Today was a revolutionary day for me. I am at home on the computer, my 2 year old son taking a nap, my 5 year old son visiting grandma and grandpa, and hit a moment of peace. In times of peace at my house, which are hard to come by, I like to talk with God. In our conversation today, my heart was struck with pain and tragedy, not for myself but for another voice, a voice that no one hears, the unborn baby. As a strong conservative and Christ following woman, I have always been pro-life. But today compelled with these feelings, I was drawn to watch something I have never seen before, a little film from the eighties called 'The Silent Scream'. In the first five minutes the Dr. gives a speech on how and what instruments will be used to preform this act. Barely able to proceed to the next part of the film, nearly paralyzed in my living room on my couch staring at a scene that is more gruesome than any I've seen in my life, I continue watching, almost unwillingly. The view from my seat was horrific, terrible and sad. They warned me before watching... Warning, this film contains graphic and disturbing images... But nothing could have prepared me for that.

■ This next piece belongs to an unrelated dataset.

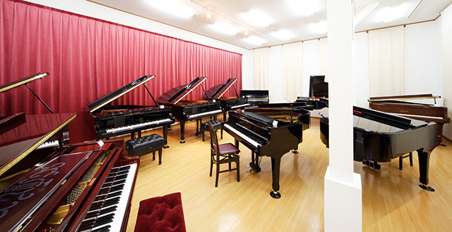 グランドピアノ専門のショールーム「グランドピアノ館」では、ゆったりとしたフロアでご納得いくまで試弾が可能です。

At the end, my tears dripping to my pant legs, my eyes burning, and heart broken, I can do nothing. Nothing but pray. I found myself calling out to God, apologizing as if I could stand in the gap for those who committed these crimes against innocent life. Next I found myself comforted, by Him. I then prayed for God to forgive them, to heal the women who have chosen to end a life before it could even begin. The kind of healing that can only come from Him.
I imagine He already has.
Something has to be done about the abortion pandemic. Where do we go from here? Groups meet, walk-a-thons are done, prayers go up. But In the eighties the daily average for abortions was 4,000... that's per day. Where are we now? Nearly 3 decades later. No better, but much worse.
Motivated to do something, I will stand and holler for these silent screams, maybe they will hear me instead?